TASK PROMPT: For the records below, output word for word the lines from the one with "Oversized stripe long" up to and including the one with "塩、胡椒にクミン、ターメリック、コリアンダー、パプリカ。". No pictures.

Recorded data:
════════════════════

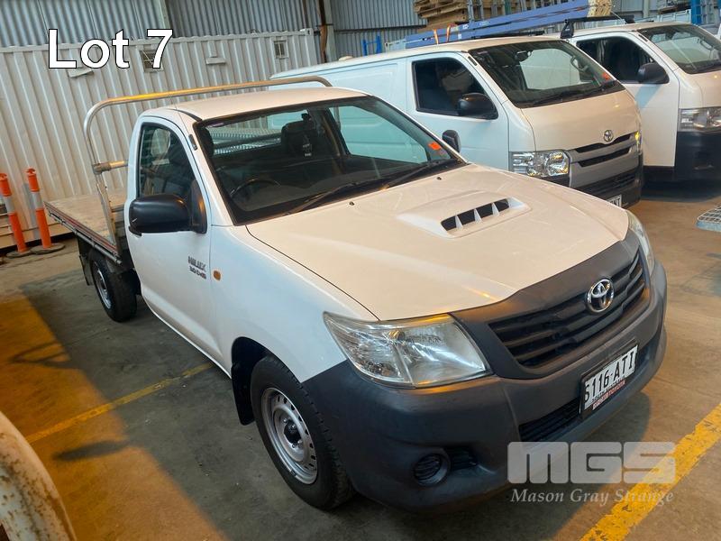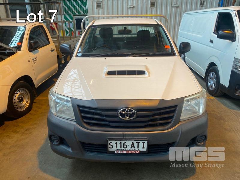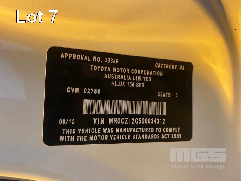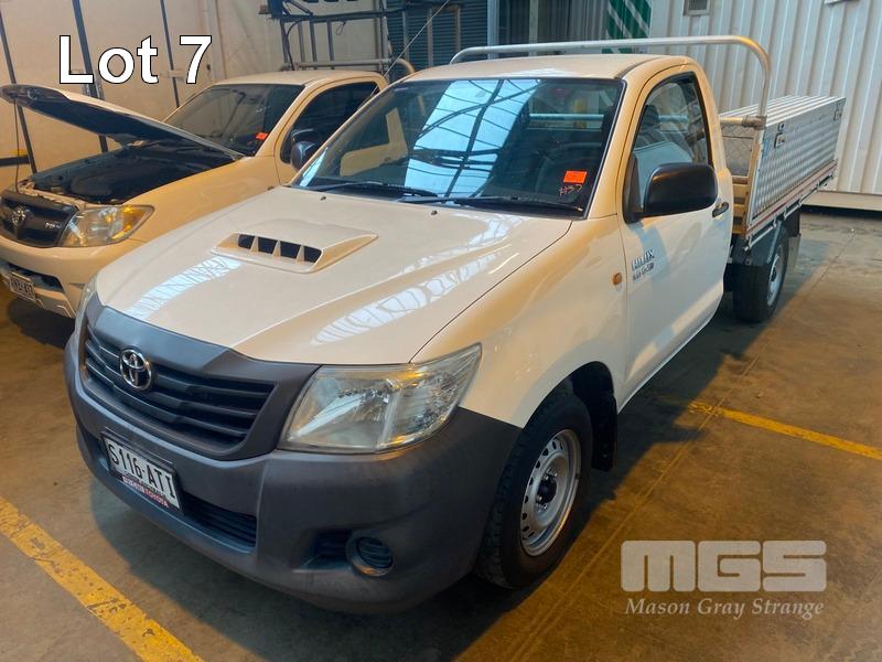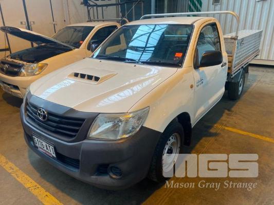 2012 TOYOTA WORKMATE HILUX SINGLE CAB UTILITY REG: S116 ATI VIN: MR0CZ12G5000034312 ODO: 145,835kms SHOWING MANUAL TRANSMISSION, TURBO DIESEL, AIR CON, MOD: 150SER ALLOY TRAY WITH FULL LENGTH ALLOY TOOL BOX
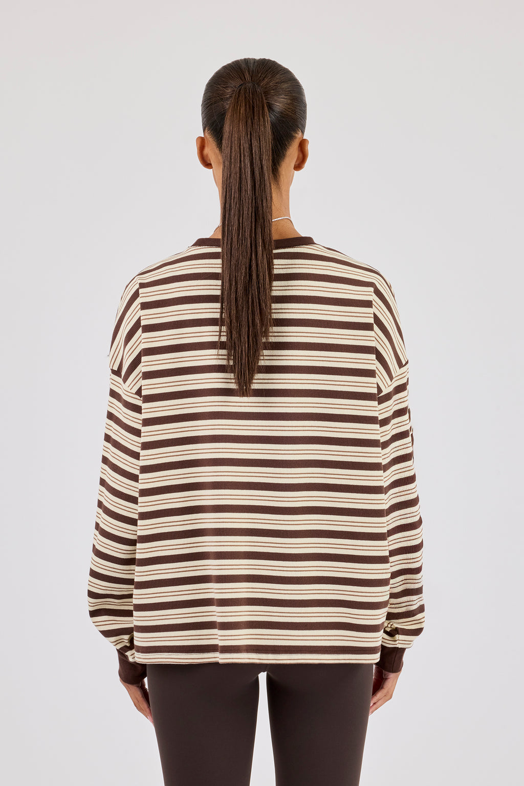 Oversized stripe long sleeve top with contrast rib neck & cuff.
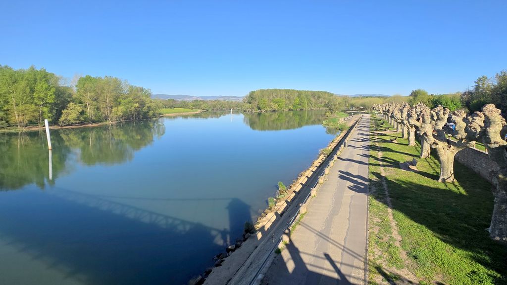 Nous sommes 17 à emprunter la voie bleue qui relie la Moselle à Lyon ,alors méfiance nos écarts pourraient être fatal aux cyclistes qui sont légion .Beaucoup de familles flânent sur le chenal ,quelques pêcheurs aussi profitent de la fraicheur matinale et d’une petite brise.Le camping *** encore désert est bordé de magnifiques platanes qui attirent notre attention:des marques peintes en bleu marquent la montée des eaux lors de certaines crues.Impressionnant et pourtant celle de 2001 n’est pas si lointaine que ça! D’énormes pieux sont dressés pour accueillir des péniches en difficulté mais cela ne risque pas d’arriver aujourd’hui,le courant est imperceptible ,même que c’est à se demander que quel côté l’eau coule!
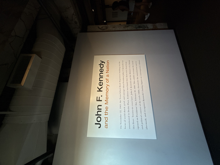 A sign titled "John F. Kennedy and the Memory of a Nation" discusses the event of November 22, 1963, when the Texas School Book Depository building became a place of shock as President Kennedy was assassinated in Dealey Plaza. The sign mentions that evidence indicates shots were fired from that building. Twenty-six years later, the exhibit "John F. Kennedy and the Memory of a Nation" opened, which recreates the social and political context of the early 1960s, addresses the aftermath of the assassination, and recognizes Kennedy's impact.
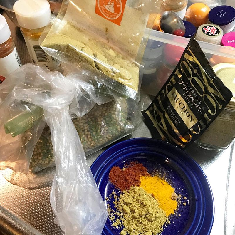 塩、胡椒にクミン、ターメリック、コリアンダー、パプリカ。
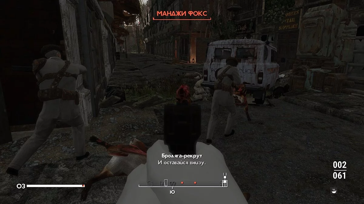 Смерть от двух укусов божьей коровки или с одного случайного попадания турели — обычное явление в Fallout: London. Мы проходили модификацию на средней сложности, но по ощущениям она в разы жестче, чем режим «выживание» в четвертой части. Первые десять часов пришлось страдать и терпеть унижения от всех, кто умеет кусать и стрелять. Стимуляторы «выдают лишь по праздникам», поэтому восстанавливать здоровье пришлось всем, что умеет переваривать желудок. Через три часа после начала приключения у героя выработались зависимости от собачьих консервов, табака и зараженного радиацией джанкфуда. Столкнувшись с первым лагерем косплееров королевского флота (Jack Tar), нам пришлось дополнительно закидываться веществами, чтобы сбить дебаффы от уже имеющихся зависимостей, взять в руки меч и, сломя голову, бежать на вооруженных огнестрелом врагов. Данная ситуация прекрасно олицетворяет фирменное безумие Fallout в лондонском сеттинге.
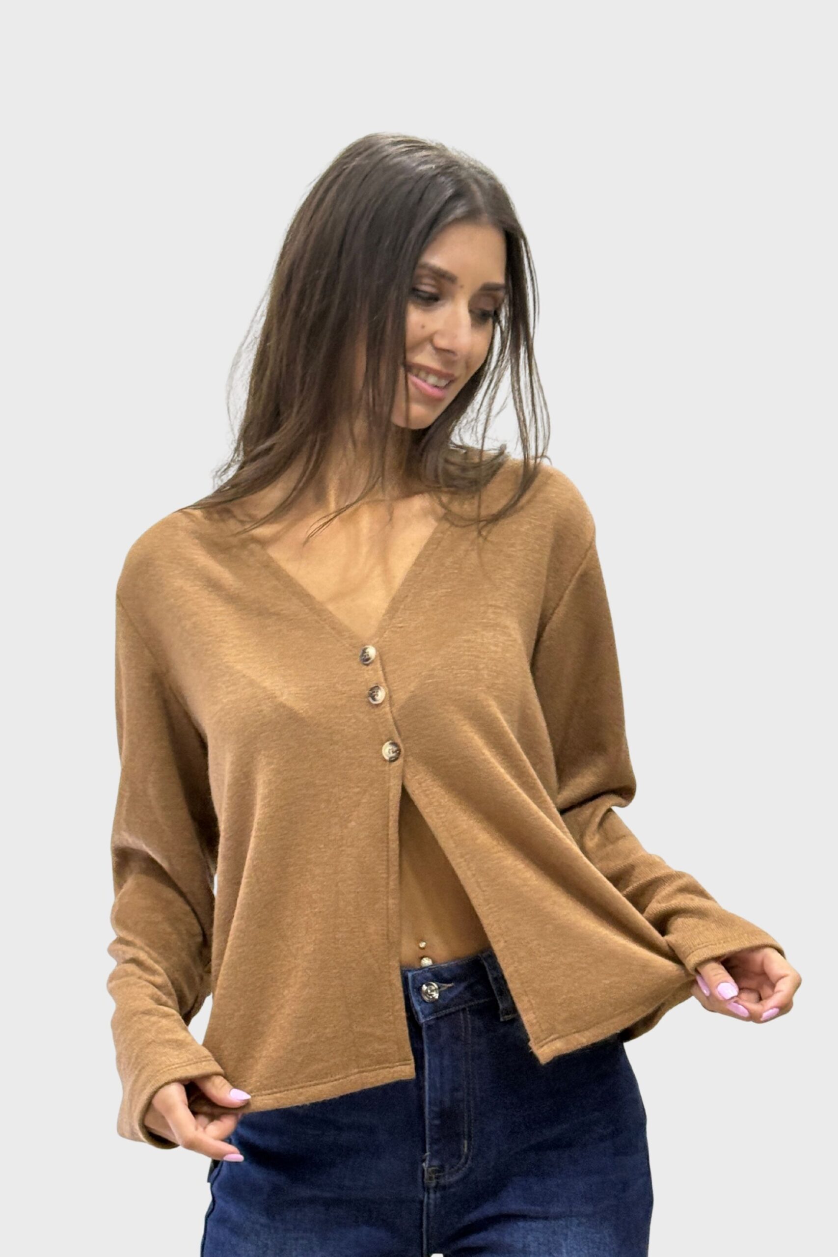 Με διαχρονική γραμμή και κουμπιά στο μπροστινό μέρος, αυτή η ζακέτα προσφέρει τη ζεστασιά που χρειάζεσαι χωρίς να θυσιάζεις το στυλ σου.
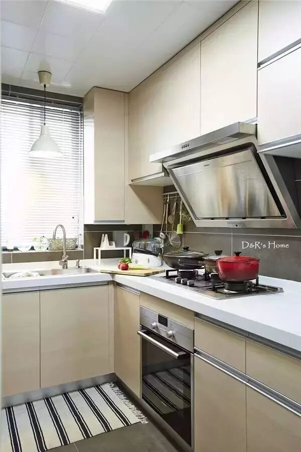 ▼整体现代简洁的厨房,一方面侧吸的可以让厨房更加干净,而通过橱柜包装机身,整体也是比较的美观;
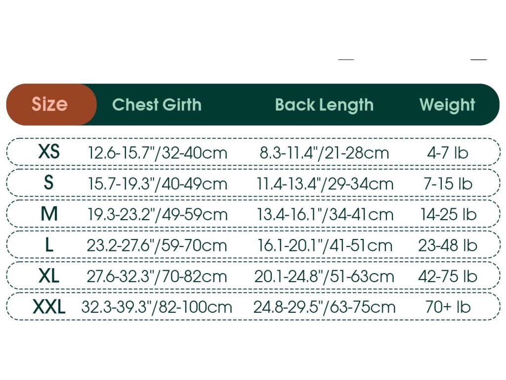 K dostání ve velikostech XS, S, M, L XL, 2XL pro malé, středně velké a velké psy/kočky
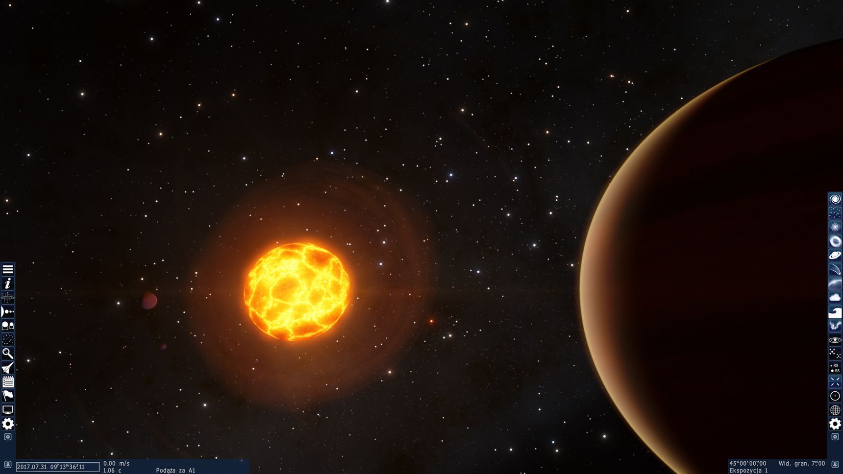 W czasie rzeczywistym są obliczane ruchy obiektów po orbitach i cienie, a mgławice można oglądać w postaci wolumetrycznych modeli. Dla Ziemi opracowany został ponadto model atmosfery.
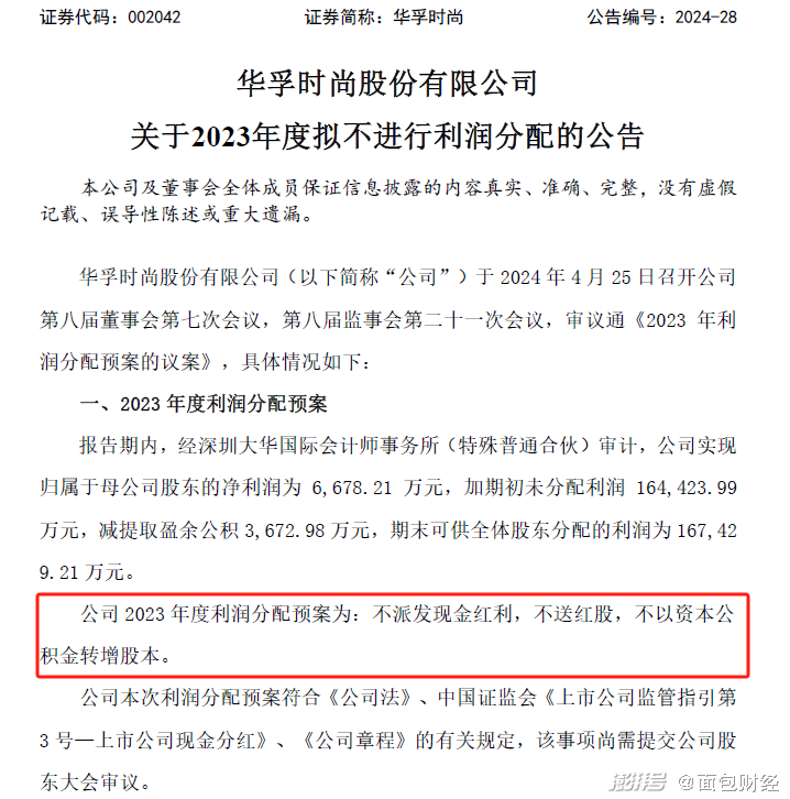 華孚時(shí)尚關(guān)于2023年度擬不進(jìn)行利潤分配的公告顯示,公司2023年度利潤分配預(yù)案為:不派發(fā)現(xiàn)金紅利,不送紅股,不以資本公積金轉(zhuǎn)增股本。
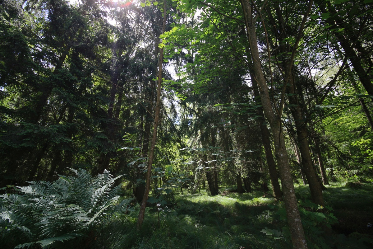 Ulkona laiduntavat eri aitauksissaan muutama hevonen, jokunen kani - ja lauma peuroja. Niitä kai saa tarhata täällä. Naapurilla on lehmiä ja kanoja, kissaa ei ole vielä näkynyt mutta eiköhän sellainenkin löydy. Kahden vuoren välistä näkyy sopivasti Atterseelle, rinteillä on siellä täällä samanlaisia alppimajoja. Lähteet pulputtavat ja purot solisevat, jossain kukkuu käki tai ehkä kello.

════════════════════

SOLUTION:
 Oversized stripe long sleeve top with contrast rib neck & cuff.
 Nous sommes 17 à emprunter la voie bleue qui relie la Moselle à Lyon ,alors méfiance nos écarts pourraient être fatal aux cyclistes qui sont légion .Beaucoup de familles flânent sur le chenal ,quelques pêcheurs aussi profitent de la fraicheur matinale et d’une petite brise.Le camping *** encore désert est bordé de magnifiques platanes qui attirent notre attention:des marques peintes en bleu marquent la montée des eaux lors de certaines crues.Impressionnant et pourtant celle de 2001 n’est pas si lointaine que ça! D’énormes pieux sont dressés pour accueillir des péniches en difficulté mais cela ne risque pas d’arriver aujourd’hui,le courant est imperceptible ,même que c’est à se demander que quel côté l’eau coule!
 A sign titled "John F. Kennedy and the Memory of a Nation" discusses the event of November 22, 1963, when the Texas School Book Depository building became a place of shock as President Kennedy was assassinated in Dealey Plaza. The sign mentions that evidence indicates shots were fired from that building. Twenty-six years later, the exhibit "John F. Kennedy and the Memory of a Nation" opened, which recreates the social and political context of the early 1960s, addresses the aftermath of the assassination, and recognizes Kennedy's impact.
 塩、胡椒にクミン、ターメリック、コリアンダー、パプリカ。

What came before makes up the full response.